Aunty Shoves Gambling In Australia Under The Spotlight Again

Posted: December 19, 2017

Updated: May 22, 2018

The timing is suspicious but the statistics are alarming. Is gambling in Australia running rampant creating destruction and havoc as it rolls roughshod over society or are the nay-sayers and worrywarts merely wringing their hands over nothing? Big names sites like BetVictor are available to anyone with a net connection who wants to bet on sports in Australia, so why all the fuss about poker machines?

  • Why does Australia have so many poker machines?
  • Do Australian gambling laws need tightening up?
  • Have the authorities been bought off by someone?
  • Why are the BBC pointing out the problems now?
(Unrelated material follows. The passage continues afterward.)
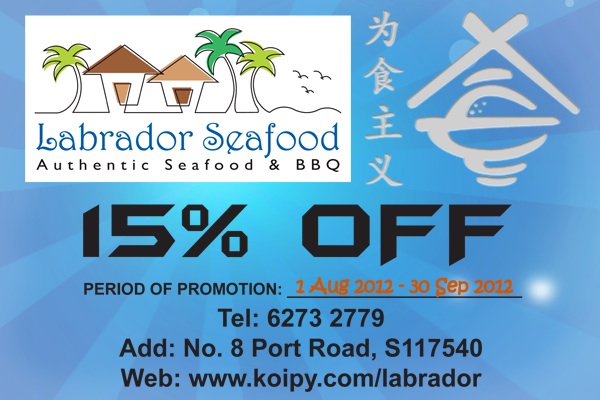 啊,说回拉柏多海鲜的优惠。即日起到9月30号,大家去K卡网页打印优惠券或者输入手机号,就可以在Labrador Seafood享受15%优惠,持有K卡的朋友同时还可以积分。

Now I’m not going to say that the BBC publishing an article about gambling in Australia that paints the nation as but a couple of “pokies” away from some sort of betting dystopia only hours after the England cricket team had been humiliated by the home side in the third Ashes Test wasn’t just a coincidence. It may well have been. However the article does do for Australia what their cricket side did for England in Perth, it was an embarrassing wholesale demolition, a hatchet job perchance.

Gambling in Australia

Of course if you’re gambling in Australia the press were less strident in their response to the Aussie victory do glance over at the “Pathetic Poms” headlines that have flourished, so perhaps the BBC can be forgiven for playing the man instead of the ball and bringing to light all the issues that surround Australian gambling laws that have allowed the evil of computerized poker machines to sweep across the outback like a kangaroo on crack and lay waste to what was otherwise quite a nice country*.
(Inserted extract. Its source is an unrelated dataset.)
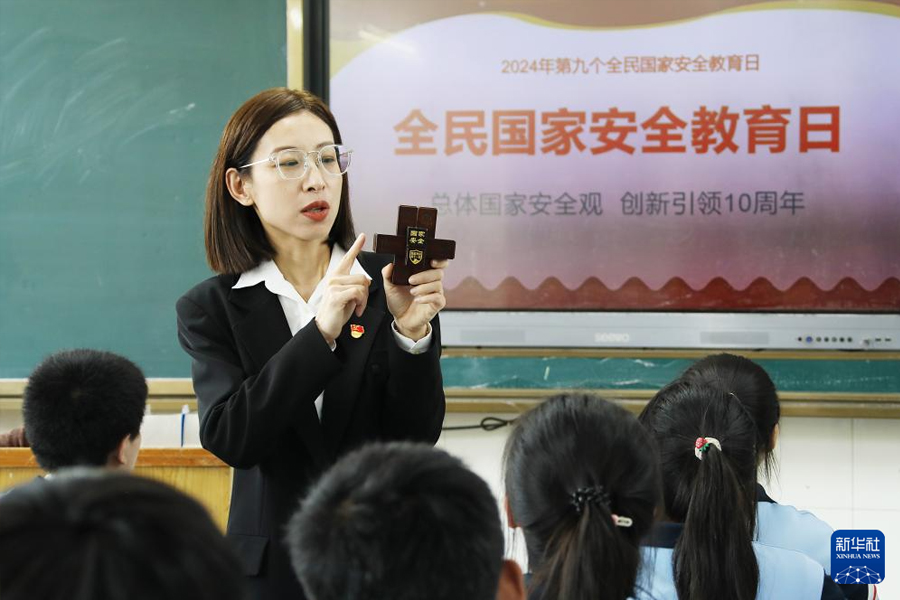 1/04月12日,山東省棗莊市市中區(qū)人民法院法官在東湖小學(xué)給學(xué)生們講解國家安全相關(guān)法律法規(guī)知識。全民國家安全教育日臨近,各地學(xué)校通過多種方式向?qū)W生普及國家安全相關(guān)法律法規(guī)知識,增強(qiáng)學(xué)生們對總體國家安全觀的認(rèn)識,共筑國家安全防線。(新華社發(fā) 孫中喆/攝)

20% Of The Poker Machines, 0.32% Of The Population

Gambling In Australia

  • 20% Poker machines globally
  • 0.32% Population globally
  • 200,000 Machines
  • 25,000,000 People
  • Loses – US$ 18bn annually

“Gambling in Australia is the equivalent of guns in America.” said the spokesman for The Alliance For Gambling Reform, as if people were being hunted down by pokies like some sort of bizarre Hunger Games episode, going on to clarify that he was talking about the political landscape being as much in the pocket of gambling concerns in Australia as the American political sphere is wholly owned by the National Rifle Association. A strong emotive comparison bound to provoke a response, you’d think, right?
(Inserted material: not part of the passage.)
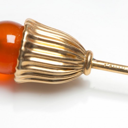 The Cartier gold carnelian stick pin features a rich stone set in a sleek gold frame.
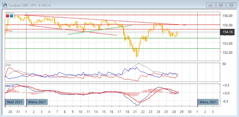 На дневном графике при откате от линии нисходящего тренда (построенного с конца мая) пара достигла важной поддержки на 153,50 - здесь находится поддержка в середине мая и максимум начала апреля. Последовательность снижения относительных максимумов и минимумов пары не была нарушена. Пока пара ниже сопротивления на линии тренда и уровне 155,00 более вероятным кажется снижение с возможной целью на 152,35 (максимумы середины марта, апреля и начала мая). По индикаторам направленного движения тенденцией является снижение: DM- устойчиво выше DM+, линия MACD имеет отрицательный наклон, гистограмма MACD находится в отрицательной зоне.

“Built for addiction,” Tim Costello says dismissively of pokies, “releasing the dopamine that hits your brain with the force of cocaine.” Which is another wholly emotive description that only really serves to beg questions not as to gambling in Australia but as to where Tim Costello is getting his coke from. Admittedly Australia does have 20% of the worlds poker machines, and is only 0.32% of the world’s population, so perhaps there is an issue, but you can’t help thinking the BBC weren’t trying to address it.

Gambling In Australia Is Easy At BetVictor

Perhaps a country of some scant 25 million shouldn’t necessarily have 200,000 poker machines, maybe that’s just a bit overboard and needs looking at, after all gambling in Australia costs its citizens some $18 billion a year, and that’s hideously unsustainable. The gambling companies, naturally, deny all wrongdoing or that they’re encouraging irresponsible gambling, but the days when “Legal” was the same as “Right” are long gone, and they begin to seem like vultures picking over a corpse on the road.

Gambling in Australia

Now you won’t find an Australian gambling news reports of this nature will change a damn thing. Part of the issue Costello highlights is the degree to which the authorities have been bought off with political contributions and tax revenues, equating the ability to lose all your money with that of freedom. So real change to the nature of gambling in Australia is unlikely, not quite as unlikely as England winning the next Ashes Test match, but still pretty much impossible, which is perhaps why the BBC chose this week to point it out.

* – If you ignore the heat, spiders, sharks, bogans, wildfires, massive flooding and Canberra.